After the rise of deep learning in computer vision applications, human pose estimation also took advantage of this modern promising technique. Some work like (Chen and Yuille 2014; Jain et al. 2014) only made use of learned features instead of handcrafted ones. Others, like (Tompson et al. 2014; Yang et al. 2016), trained the network in a way that it learns the pairwise relations between body parts as well. Recent methods take paradigms like feedbacking, cascading, repetition or larger receptive fields to achieve better recognition accuracies (Carreira et al. 2016; Wei et al. 2016). They all establish superiority with a large margin over the traditional approaches in human pose estimation in real-world images.

The aforementioned advances have one main idea in common, i.e. recovering human pose based on individual body parts.

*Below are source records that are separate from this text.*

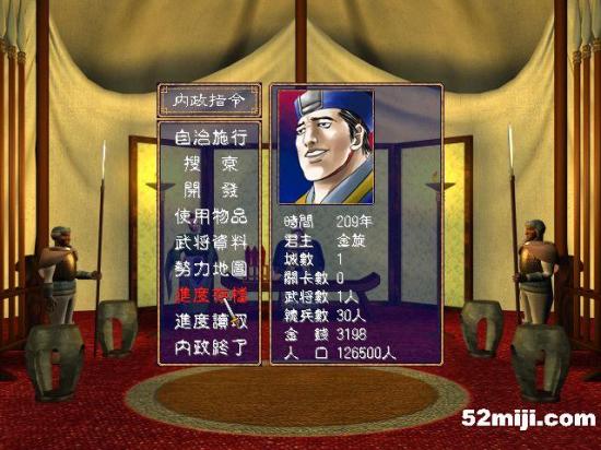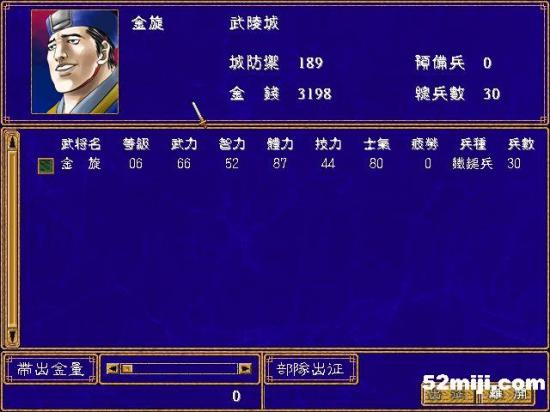 可玩指数:10,出来一城一将,比邻长沙、江陵、永安,所处地理位置相当优越,荆襄名将云集,可满足玩家收集猛将好军师的需要;由一城一将而统一全国,难度系数较大,发展前期可享受被电脑虐待的快感。因为金旋,刑道荣将军终有用武之地;因为金旋,金旋抓将大法就此诞生!
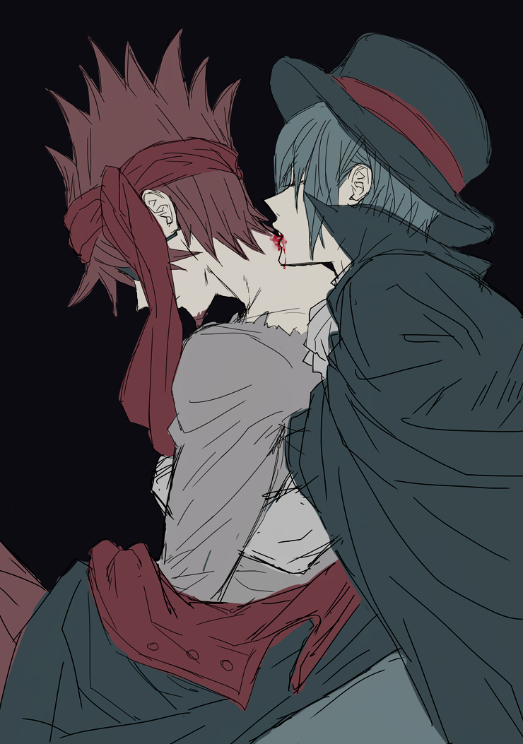2boys biting black_background black_cape black_headwear blood brown_hair cape danganronpa_(series) danganronpa_v3:_killing_harmony facial_hair from_side goatee grey_shirt hairband hug hug_from_behind male_focus momota_kaito multiple_boys neck_biting off_shoulder ore_sensei red_hairband saihara_shuichi shirt short_hair simple_background sketch spiked_hair vampire
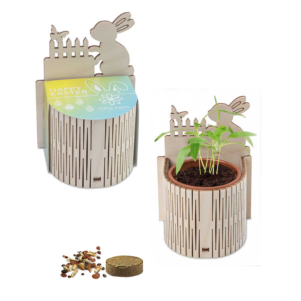 Der liebevoll gestaltete Tiny Garden ist ein natürlich schönes Oster-Highlight. Das kleine Tontöpfchen ist von einem filigranen Holzzäunchen eingefasst und wird durch eine Rückwand aus Holz mit zarter Hasenkontur ergänzt – ideal für eine gelaserte Werbebotschaft oder ein Logo. Gefüllt mit einer Substrattablette als Erde und Eierbaumsamen entsteht daraus ein charmantes Mini-Gartenprojekt. Die individuell bedruckte Banderole aus Papier verschließt das Set und rundet das Produkt harmonisch ab – ein sympathisches Giveaway, das Natürlichkeit und Werbewirkung perfekt verbindet.
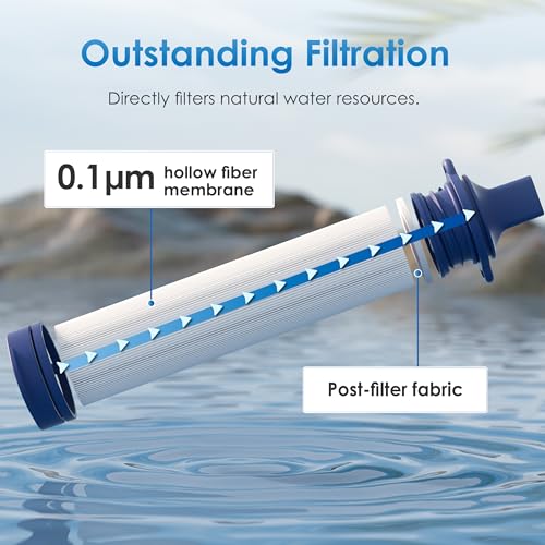 Recyclable Straw: With innovative backwash purifier function, the inside of the Water Filter Straw can be kept clean at all times and it is recyclable, safe and pollution-free. If the water flow decreases or the filter has been used for a long time, you can remove the mouthpiece, flush it with clean water. (Standard water bag can be used or pop bottle with thread diameter of 27.5mm can be filled clean water for backwashing the filter straw.)
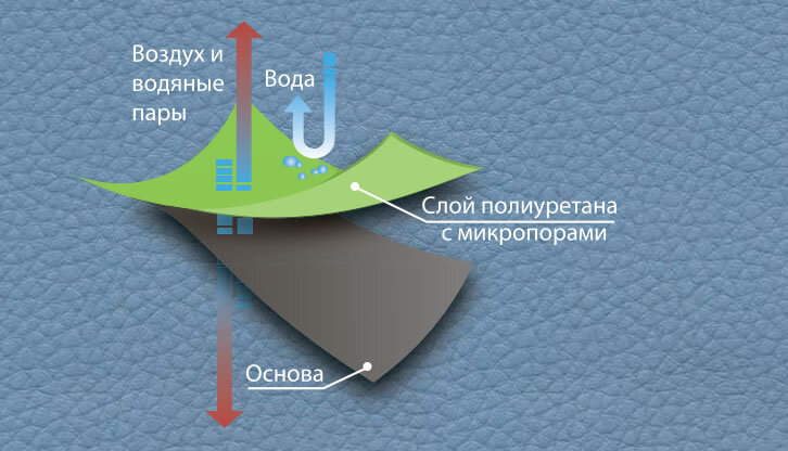 Любая искусственная кожа состоит из трех слоев - основа, пропитывающий слой(клей) и полимерное покрытие. Все различия - в том, какие материалы используются в каждом слое.артинка из интернета про слои искусственой кожи
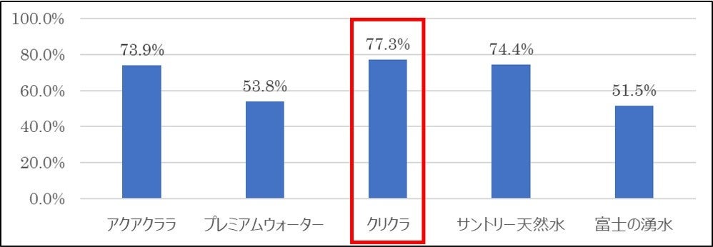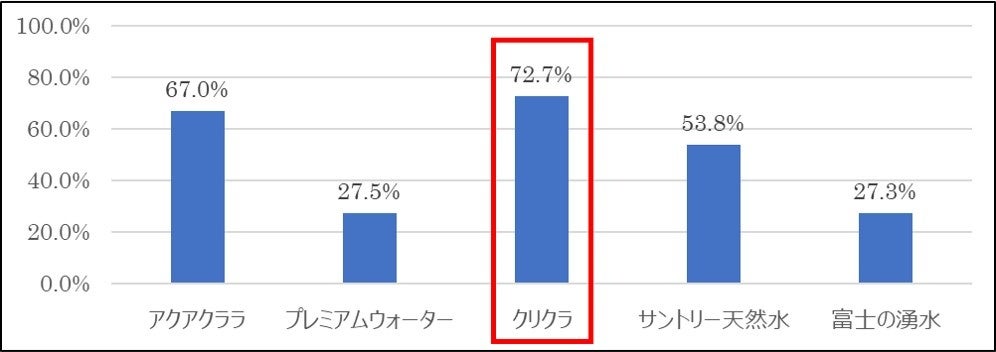 ▲「メンテナンスサービス」において、72.7%で「クリクラ」が1位。2位は67.0%で「アクアクララ」、3位は53.8%で「サントリー天然水」となりました。
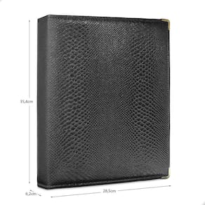 O fichário é produzido em capa sintética com cantoneiras para proteção, material de alta qualidade para armazenar com segurança e de forma organizada sua coleção, ele é muito resistente confeccionado com 4 argolas em formato ‘D’ em aço inoxidável reforçado, permitindo o encaixe da folha de até 32x24cm, processo de fabricação artesanal permitindo um excelente acabamento.
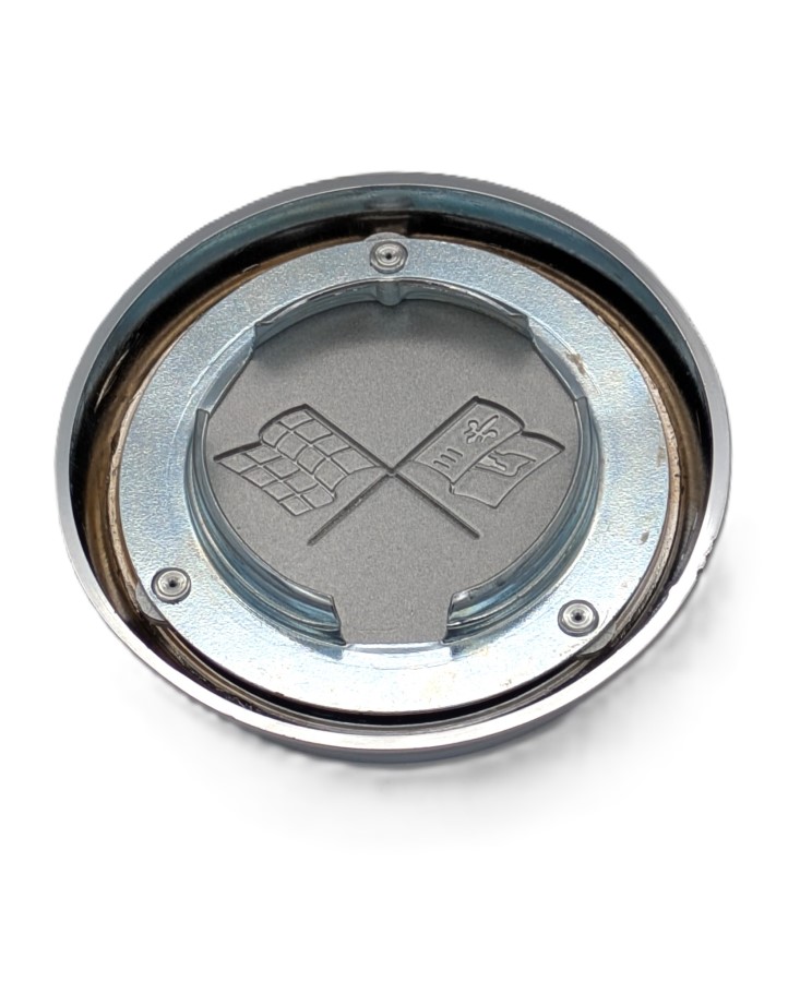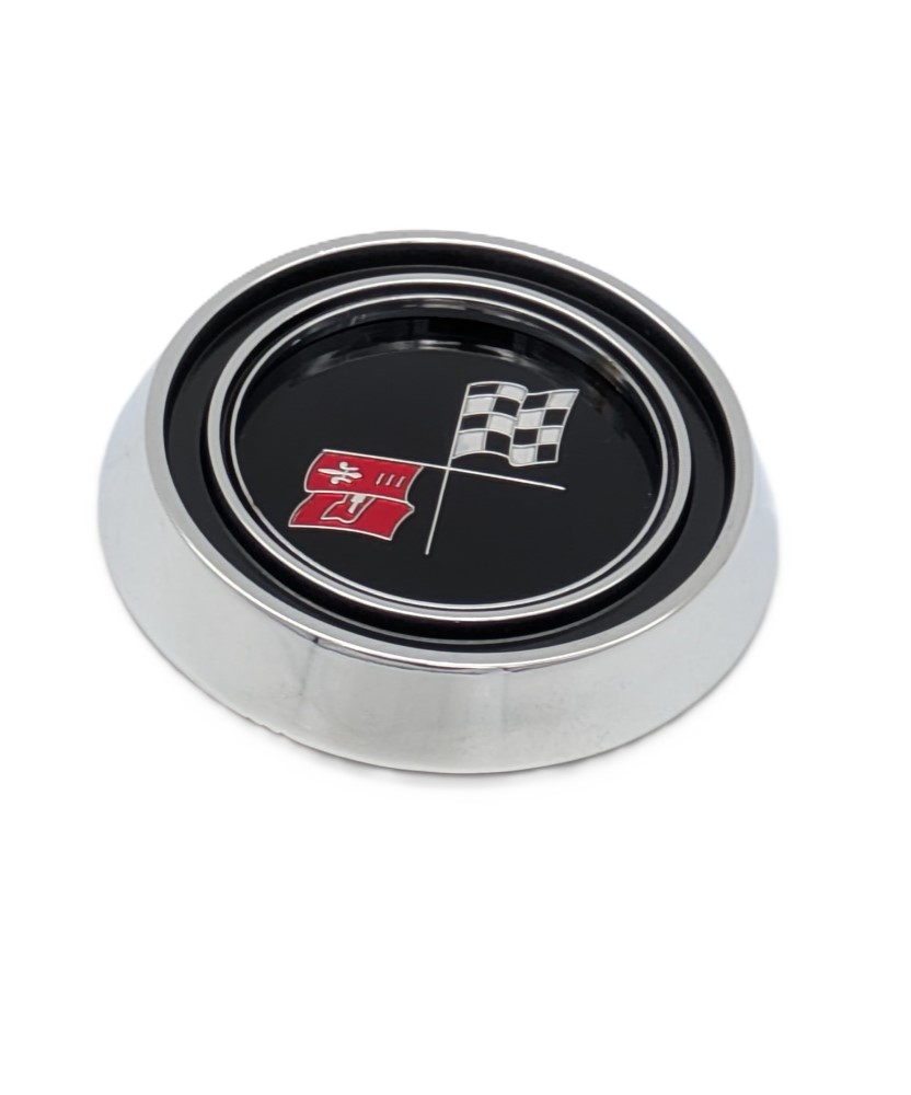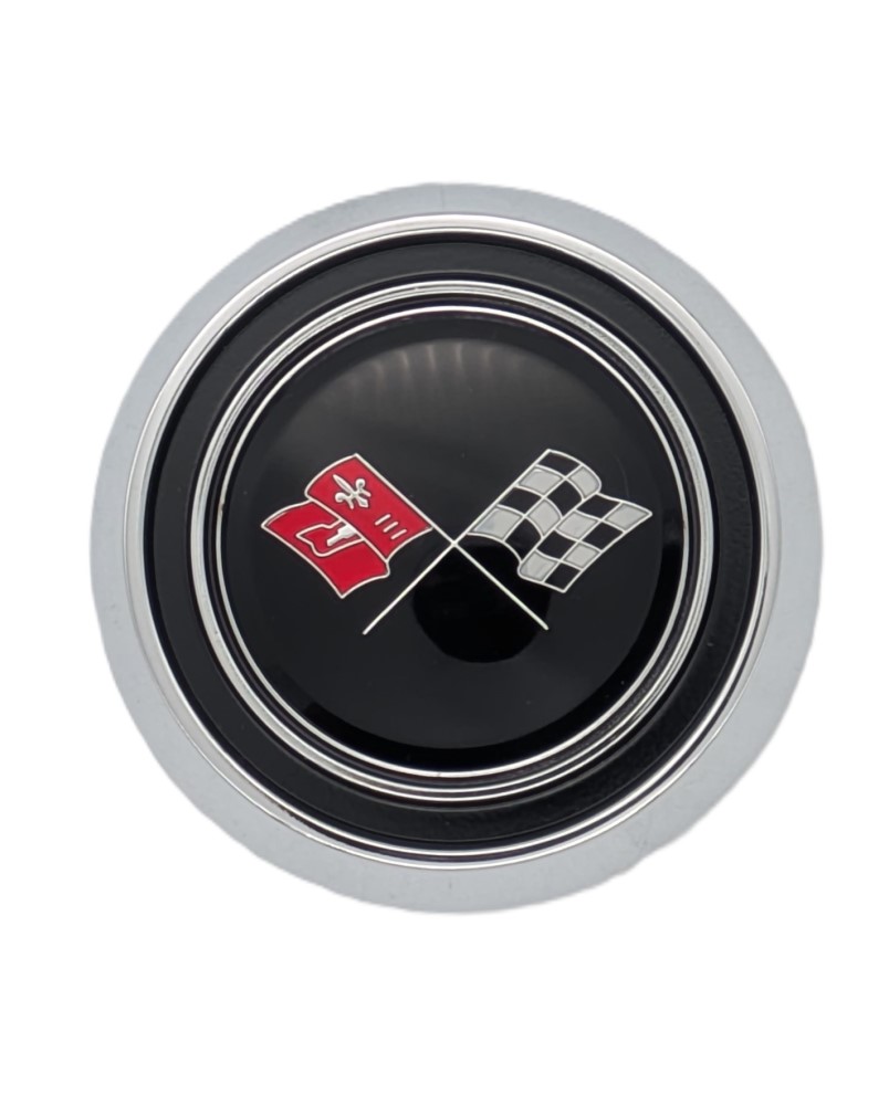 This is a new, reproduction standard horn button for 1965 and 1966 Corvettes with the standard, non telescopic steering column The horn button is fully assembled with emblem and ready to install, just press the button into the stand. Fits standard columns only. Riveted back. Licensed GM Restoration Part made by a licensed GM supplier.
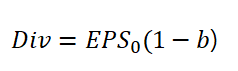 이때, 배당금 Div는 위와 같은 식으로 나타낼 수 있는데요. 어떤 의미인지 볼까요. b는 자금보유성향 입니다. 따라서, (1-b)는 배당성향이 됩니다. EPS는 주당 당기순이익이므로, 주당 당기순이익에 배당성향을 곱하면, 주당 배당금이 되겠네요.
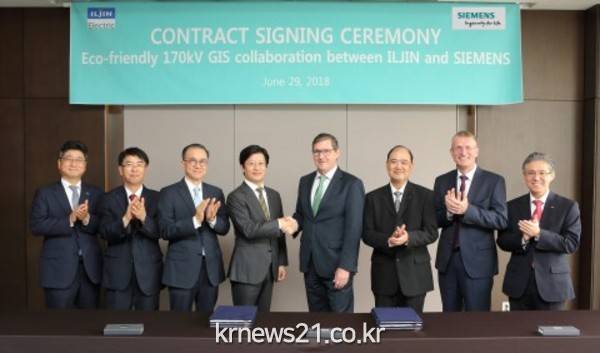 독일 지멘스는 29일 서울 플라자호텔에서 일진전기와 친환경 가스절연 개폐장치(Gas-insulated Switchgear: GIS) 개발에 대한 기술협약을 체결했다고 밝혔다.

Actually, most of the design types have been put forward to overcome the problems of part-based attitude, which are occlusion, self-occlusion, false detection in cluttered backgrounds, double counting, and yielding anthropometrically invalid human poses.

Unlike these techniques, in Shamsafar and Ebrahimnezhad (2018), it is proposed to get a holistic prediction of human pose based on a classifier convolutional neural network. The method demonstrates competitive coarse pose estimation in comparison to the part-based schemes. The holistic pose prediction yields a coarse, but anthropometrically valid pose and it shows robustness in challenges like occlusion and cluttered backgrounds. The holistic pose estimation can be used in applications that demand a fast valid understating of the human pose, such as content-based image retrieval and scene understanding. Still, the accuracy of holistic prediction needs to be improved.

Note that human pose estimation can be coarsely estimated using other sources of information like radio tomographic imaging (RTI). Authors in Liu et al. (2014) have proposed to recognize fall detection using body pose. Depth information can also be utilized in coarse human pose estimation. For example, in Zavala-Mondragon et al. (2019), training a convolutional neural network is proposed to extract the actigraphy-related body pose information from depth images. The method is mainly toward clinical applications of estimating the human pose.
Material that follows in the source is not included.